PPS Considers Requiring Students in Jefferson Catchment to Attend the School

Strategies to boost student enrollment, currently at 459, include sunsetting the high school’s dual assignment zones.

Jefferson High School. (Chris Ryan)

Portland Public Schools officials will spend the upcoming school year exploring a couple of strategies to boost enrollment at Jefferson High School. It’s currently the district high school with the lowest enrollment: just 459 students.

The move comes shortly after voters approved a $1.83 billion bond presented by PPS in the May election. A substantial portion of those funds are allocated toward school modernizations at Jefferson, Cleveland and Ida B. Wells high schools. Of those three rebuilds, it is Jefferson’s size that raised the most eyebrows among several education economists WW spoke to in March, who cautioned against spending close to half a billion dollars to revamp a school with less than 500 students (“Too Many High Schools,” March 19).

But Jefferson’s supporters say the school has not been given a fair chance to bring in more students. They have said Jefferson’s current status as a noncomprehensive high school, poor facilities, and dual assignment zones are all limiting its draw.

Advocates have also underlined the significance of the school for Portland’s Black community. For decades in the 20th century, it boasted high enrollment and was Oregon’s only majority-Black high school.

In a May 29 memo to the Portland School Board, district leaders appeared poised to reverse some of those factors. The move comes as a response to a December 2022 resolution by the School Board, which required that the superintendent “initiate a process to develop a plan to increase student enrollment at Jefferson High School” by the start of the 2026–27 school year.

“PPS recognizes the need to revitalize Jefferson enrollment in order to ensure equitable access to quality education within the community, optimize resource allocation, and support the successful implementation of Jefferson’s modernization plan,” chief of schools Dr. Jon Franco wrote in the memo.

Perhaps the most notable piece of the effort to turn Jefferson’s enrollment around would be opening a conversation to sunset the district’s dual assignment zones. The memo notes that since the 1980s, Jefferson students have been allowed to transfer to other high schools, first as part of a desegregation effort and later through the No Child Left Behind Act.

Currently, students living in the Jefferson attendance zone can choose to enroll at Grant, McDaniel or Roosevelt high schools, all comprehensive high schools that have been modernized with money from other other PPS bonds. This year, 1,358 students in the dual assignment zones chose to attend one of those three high schools instead of Jefferson. The district memo also notes an inequity: While 40% of Black students opt in to Jefferson instead of a comprehensive high school, just 25% of white students do.

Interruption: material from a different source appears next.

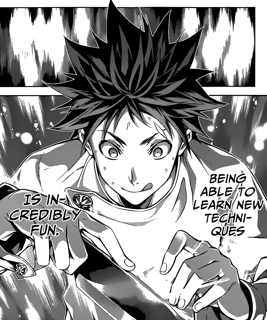 Sōma is courageous and even reckless, often getting himself into very dangerous situations that could jeopardize his entire cooking career. For three Shokugekis, Sōma risked being expelled from Tōtsuki if he lost, while in another Shokugeki he faced giving up being a chef in general forever. Because of his unknown humble origins, Sōma is never the favorite to win most of his matches as he constantly faces his fellow classmates of more noteworthy backgrounds, most of which do not consider him a threat because of their own advantages. Time and time again, Sōma has proven that he is more than capable of overcoming the most difficult challenges with the steepest handicaps. Jōichirō attributes Sōma's strength not to natural cooking talent, but to his courage that allows him to boldly face whoever challenges him, no matter how much of a genius they are or whatever disadvantages they may throw at him. Sōma is not afraid to admit that his opponent is better than him at that moment and that he is not perfect, but he refuses to give up. As such, he is not afraid to examine his own deficiencies, and is even eager to learn whatever he needs to in order to overcome them. Sōma's lifelong goal is to become a better chef than his father and thus will fight to the very end to achieve his dream. He will plunge head first into trial and error until he gets to the end results that he displays in his duels, spending days or even weeks exhausting every possible option until he finds the best one. Even in defeat, Sōma takes it as a sign that there is still much more for him to learn.

The discussions will consist of an advisory group to commence in the fall. Three public meetings will be heald before winter break, and the group will recommend action to increase enrollment sometime in winter of the 2025–26 school year. Any changes to the dual assignment zones would require board approval.

“A community dialogue will commence to consider sunsetting dual assignment and reestablishing Jefferson as a comprehensive neighborhood high school, ensuring equitable access, enrollment clarity, and long-term stability for students and schools,” the memo reads.

Another piece of the strategy will involve a marketing and advertising campaign “to raise awareness of the historic investment in Jefferson,” with additional outreach at Jefferson’s feeder middle and K-8 schools.

That strategy would appear to be part of a broader districtwide effort to boost declining enrollment, which the district cites as a major influence in the series of budget deficits it has faced since 2022. PPS has begun a Recruitment, Retention, and Recovery campaign to build family trust and bring students back into the district, director of communications Candice Grose previously told WW.

District officials will hear opinions from members of the School Board on June 10 regarding their plan. School Board member Michelle DePass, whose zone encompasses Jefferson and who has been one of the school’s most outspoken defenders, was not immediately available for comment.